In this latest story, Drum goes much farther in embracing lead as the primary cause of violent crime, so much farther that that it’s worth asking whether leaded gasoline, as he asserts, does explain as much as 90 percent of the rise and fall of violent crime. Does it trump drugs, poverty, urban gang warfare, education, and other such issues to the point that they account for a bare ten percent of the crime statistics. That’s a harder case to make, partly because as Drum himself notes correlation is not causation: the fact, for instance, that falling crime follows a pattern of falling lead exposure doesn’t rule out many other influences.

This is a legitimate criticism. Blum is referring to the callout on the right, which runs alongside my article, and as a standalone headline I think it goes too far. It’s true that one researcher has suggested that lead can explain 90 percent of the rise and fall of crime, but that’s very much the high end of the estimates in the field. I’m a lot more comfortable with an estimate of around 50 percent, something I should have made clearer in the text of my piece. In other words, lead probably explains a very big chunk of the rise and fall of postwar crime in America, but it doesn’t trump everything else. Drugs, poverty, urban gang warfare, education, policing tactics, and other things also play a role.

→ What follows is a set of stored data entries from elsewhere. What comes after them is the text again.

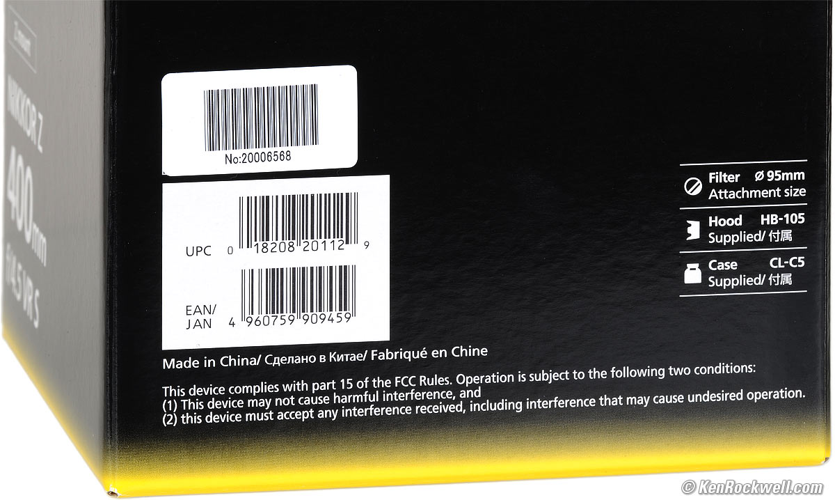 Quality specifications topNikon Z 400mm f/4.5 VR. bigger. Made in China.
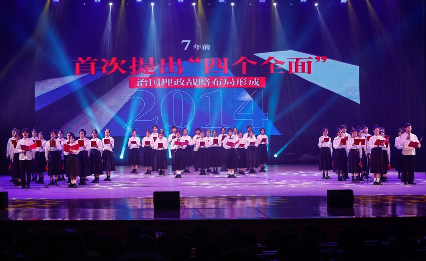 歌曲《媽媽,給我打開一本書》展現了書籍是人類寶貴的精神財富,鼓勵我們與閱讀相伴一生,一起熱愛讀書,從書中吸收營養(yǎng)、豐富知識、完善人格;一曲《水調歌頭》唱盡了古時分隔兩地的親人間只能通過共賞一輪明月來寄托對彼此的思念之情;《與清同向,與廉同行》正與清廉同大建設相互呼應,大合唱《閃耀的理想》更是鼓勵廣大學子與閱讀同行,與書香為伴,在字里行間探索人生的意義,追尋理想的光芒。……一個個厚重而充滿力量的文化展演,激發(fā)了師生對書籍的熱愛,對閱讀的渴望,對文化的憧憬。
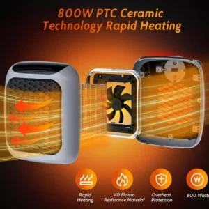 هیتر برقی با المنت های سرامیکی فن دار مدل HANDY HEATER دارای توان 800 وات توربو می باشد که فضایی گرم و مطبوع را برای شما در فصل سرد زمستان فراهم می کند. این هیتر برقی قابلیت کنترل عملکرد با استفاده از ترموستات را دارا می باشد. عملکرد فن داخلی دستگاه هیتر برقی فن دار توسط المنت ها در سطح وسیع تری توزیع شده و فضای بیشتری را گرمادهی کند. شبکه محافظ المنت ها از جنس پلاستیک فشرده می باشد که جلوه ای زیبا و ایمن به هیتر داده است.در محیط هایی مثل محل کار خانه و اشپزخانه و سرویس های بهداشتی قابل استفاده است. به صورت دوشاخه مستقیم به برق متصل میشود و فضا را اشغال نمیکند. صفحه نمایش دیجیتالی و کنترل از راه دور استفاده از این محصول را بسیار ساده و لذت بخش کرده است. همچنین دارای تایمر خاموشی خودکار قابل تنظیم میباشد. درجه حرارت بین 15 تا 32 درجه قابل تنظیم است و همچنین دارای دو حالت سرعت فن کم و زیاد میباشد.
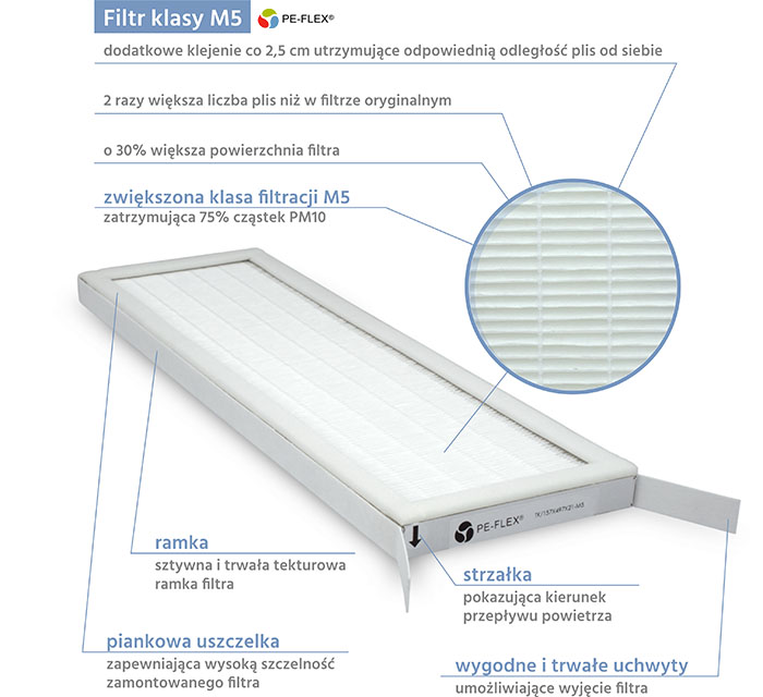zwiększona klasa filtracji M5 zatrzymująca 75% cząstek PM10
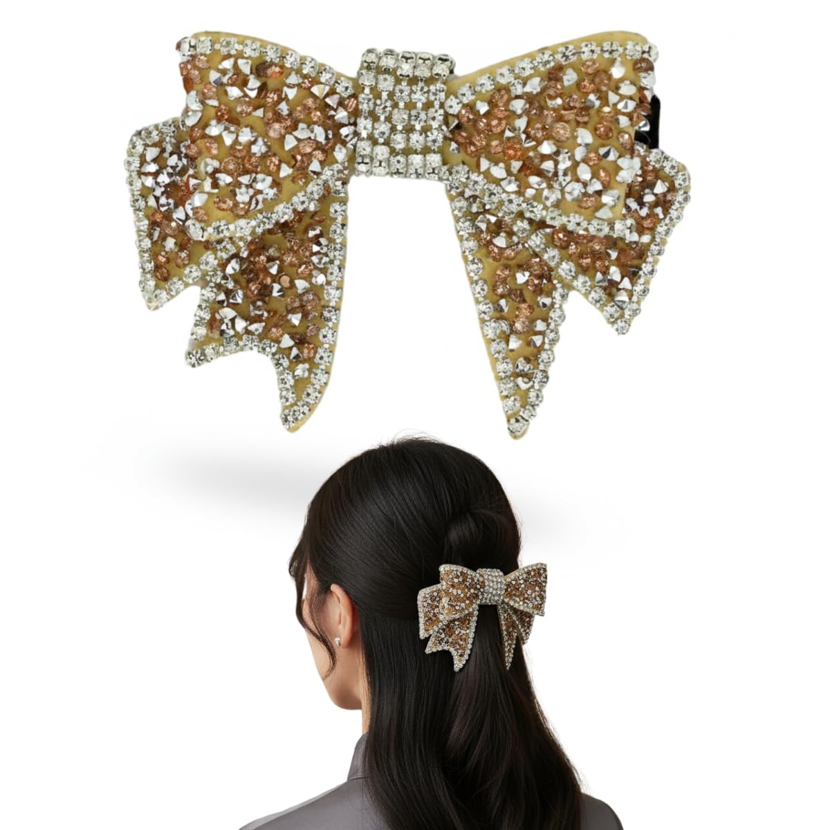 Acrylic Bow Hair Pin for Girls & Women | Stylish Hair Clip with Crystal Rhinestone Embellishments | Party Bun & Open Hair Accessory for All Occasions (Rose Gold)
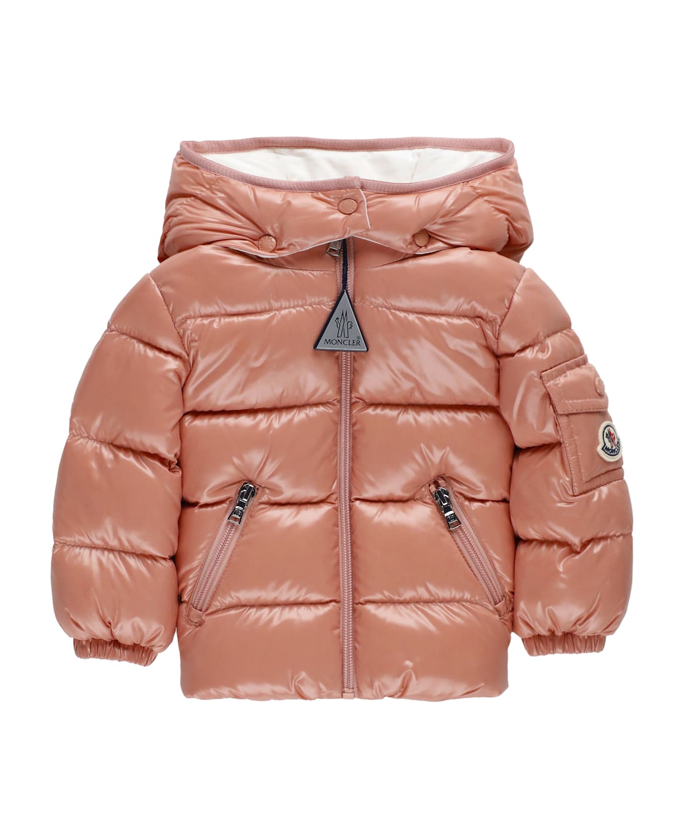 - Pink Moncler Baby quilted down jacket for girl - Hood - Long sleeves with elastic cuffs - Embroidered Moncler patch at left sleeve - Front zip fastening - Two front zip pockets

I’m mentioning this because a number of people have gotten derailed by the implication of the 90 percent number, namely that virtually nothing else matters when it comes to crime. That’s really not the point I wanted to make. Lead is a big factor, but it’s not the only factor.

POSTSCRIPT: Another thing to keep in mind: Even if the 90 percent number is correct, it doesn’t imply that lead is responsible for 90 percent of all crime. It only implies that it’s responsible for 90 percent of the postwar rise of crime above its natural level, which is determined by a variety of other factors. Later, the drop in lead emissions was responsible for 90 percent of the decline of crime back to its natural level.